Eight years after taking office, Lutnick was named president and CEO of Cantor Fitzgerald — after reportedly “working his way to the top” as Cantor was on his deathbed — and became chairman five years later.
“There is no sugar-coating the fact that before and even after September 11, Mr. Lutnick was deeply disliked by the industry,” Susanne Craig wrote in the paper. New York Times in 2011. “He’s a ruthless competitor even by Wall Street standards and has made more than a few enemies over the years. In 1996, as Mr. Cantor, his mentor, was dying, Mr. Lutnick fought with Mr. Cantor’s wife, Iris, for control of Cantor Fitzgerald. She later excluded him from the funeral.”
Cantor Fitzgerald was brutally affected by the September 11 attacks. Its headquarters were located on the 101st through 105th floors of the North Tower of the World Trade Center; The hijacked flight hit floors 93 through 99, leaving those on the Cantor floors with no means of escape.
Every employee who had been in the office – 658 employees – died that morning, representing almost 70% of the company’s workforce. Lutnick dropped his son off at preschool that morning and was out of the office, but his younger brother, Gary, also a Cantor employee, was murdered. Cantor associates represented nearly one in four of the victims killed in New York that day.
Within a week, Lutnick returned to the trading desk and announced, amid widespread criticism, that the company would suspend salary payments to its deceased employees. He later promised 25% of the company’s profits over the next ten years to their dependents, along with ongoing health insurance. He also gave them $90 million from his own personal savings.
Today, Lutnick is one of Wall Street’s longest-serving CEOs, with 41 years at the helm of Cantor Fitzgerald. During his tenure, Lutnick oversaw the $1.3 billion merger of BGC Partners, a financial services firm, with eSpeed, an electronic bond trading platform, and took Rumble, a video platform, public through a special purpose acquisition company ( SPAC). Earlier this year, through BGC Group – of which Lutnick is also CEO – he unveiled a futures exchange called FMX, which counts Morgan Stanley, Citi and Goldman Sachs among its equity partners. Meanwhile, its economic interest in the company is about 60%, compared to 25% twenty years ago.

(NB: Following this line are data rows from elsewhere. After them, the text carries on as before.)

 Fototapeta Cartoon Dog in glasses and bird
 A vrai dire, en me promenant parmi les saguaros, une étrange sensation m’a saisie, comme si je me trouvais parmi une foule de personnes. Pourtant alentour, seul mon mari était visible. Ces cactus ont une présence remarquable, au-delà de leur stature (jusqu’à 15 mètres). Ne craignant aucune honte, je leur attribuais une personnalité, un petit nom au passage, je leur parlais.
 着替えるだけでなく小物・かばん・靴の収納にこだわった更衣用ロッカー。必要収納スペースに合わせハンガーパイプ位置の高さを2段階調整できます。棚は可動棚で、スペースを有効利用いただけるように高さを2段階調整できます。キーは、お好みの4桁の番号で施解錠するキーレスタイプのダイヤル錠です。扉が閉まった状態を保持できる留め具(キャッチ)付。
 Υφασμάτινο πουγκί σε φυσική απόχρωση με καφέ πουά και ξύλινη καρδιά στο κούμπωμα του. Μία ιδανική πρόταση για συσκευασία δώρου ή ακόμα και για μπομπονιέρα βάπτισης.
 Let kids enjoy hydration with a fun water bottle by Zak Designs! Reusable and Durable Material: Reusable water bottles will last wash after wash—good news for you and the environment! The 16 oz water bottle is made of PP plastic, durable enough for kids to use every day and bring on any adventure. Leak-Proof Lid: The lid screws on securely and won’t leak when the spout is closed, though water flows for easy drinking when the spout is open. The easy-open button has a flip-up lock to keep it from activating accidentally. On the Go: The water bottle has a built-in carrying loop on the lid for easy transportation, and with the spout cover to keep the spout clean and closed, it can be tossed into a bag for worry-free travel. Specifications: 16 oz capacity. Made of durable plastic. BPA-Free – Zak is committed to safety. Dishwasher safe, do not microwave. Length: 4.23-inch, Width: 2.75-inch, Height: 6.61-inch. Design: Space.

In recent months, Lutnick has balanced his CEO duties with his Trump campaign leadership by working for Cantor between 6:30 a.m. and 9 a.m., and then from 4 p.m. to 10:30 p.m., with Trump time in between. Wall Street Journal reported.
One of Trump’s main talking points during his campaign was his commitment to raising tariffs. As Commerce Secretary, Lutnick will be closer to that promise than any other appointee.

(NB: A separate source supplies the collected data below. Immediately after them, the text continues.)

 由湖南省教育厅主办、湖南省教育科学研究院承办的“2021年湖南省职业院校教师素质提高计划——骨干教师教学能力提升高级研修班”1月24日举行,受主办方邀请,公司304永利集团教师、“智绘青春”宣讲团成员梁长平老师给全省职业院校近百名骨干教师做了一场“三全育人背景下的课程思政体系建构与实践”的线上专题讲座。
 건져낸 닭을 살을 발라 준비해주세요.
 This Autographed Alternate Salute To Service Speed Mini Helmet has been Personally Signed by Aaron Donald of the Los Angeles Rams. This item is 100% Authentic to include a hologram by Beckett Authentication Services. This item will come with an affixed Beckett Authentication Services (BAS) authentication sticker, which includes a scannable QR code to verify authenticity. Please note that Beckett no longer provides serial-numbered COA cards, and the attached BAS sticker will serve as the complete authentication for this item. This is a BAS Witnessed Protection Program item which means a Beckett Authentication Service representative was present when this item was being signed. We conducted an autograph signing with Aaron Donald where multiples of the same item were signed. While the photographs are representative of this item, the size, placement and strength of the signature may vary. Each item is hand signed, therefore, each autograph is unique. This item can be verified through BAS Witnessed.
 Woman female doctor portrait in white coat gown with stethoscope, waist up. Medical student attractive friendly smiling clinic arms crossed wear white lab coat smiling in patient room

“Tariffs are a great tool [for] the president will use,” Lutnick told CNBC in October, arguing that the Trump administration will use tariffs to “build.”
“If we want to make it in America, we have to charge tariffs for it, or if we compete with it, we have to charge tariffs for it,” he added.

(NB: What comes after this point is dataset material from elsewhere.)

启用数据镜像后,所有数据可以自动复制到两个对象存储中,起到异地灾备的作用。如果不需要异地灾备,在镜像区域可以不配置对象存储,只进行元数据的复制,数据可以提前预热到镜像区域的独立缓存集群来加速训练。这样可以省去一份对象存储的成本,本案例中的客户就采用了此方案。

Lutnick has grown increasingly close to Elon Musk, another key Trump adviser New York Times emphasized: “and, given the Department of Commerce’s role in expanding broadband Internet access, [Lutnick] could give the tech mogul’s Starlink a significant boost.”
As part of the transition team, Lutnick played an important role in recruitment and selection. He has pledged to do the same as a member of the government, NPR reported — “stacking” the team exclusively with “loyalists.”
However, many have raised concerns about Lutnick’s potential conflicts of interest, including regarding cryptocurrency; Cantor Fitzgerald manages a handful of reserve funds for Tether, a stablecoin.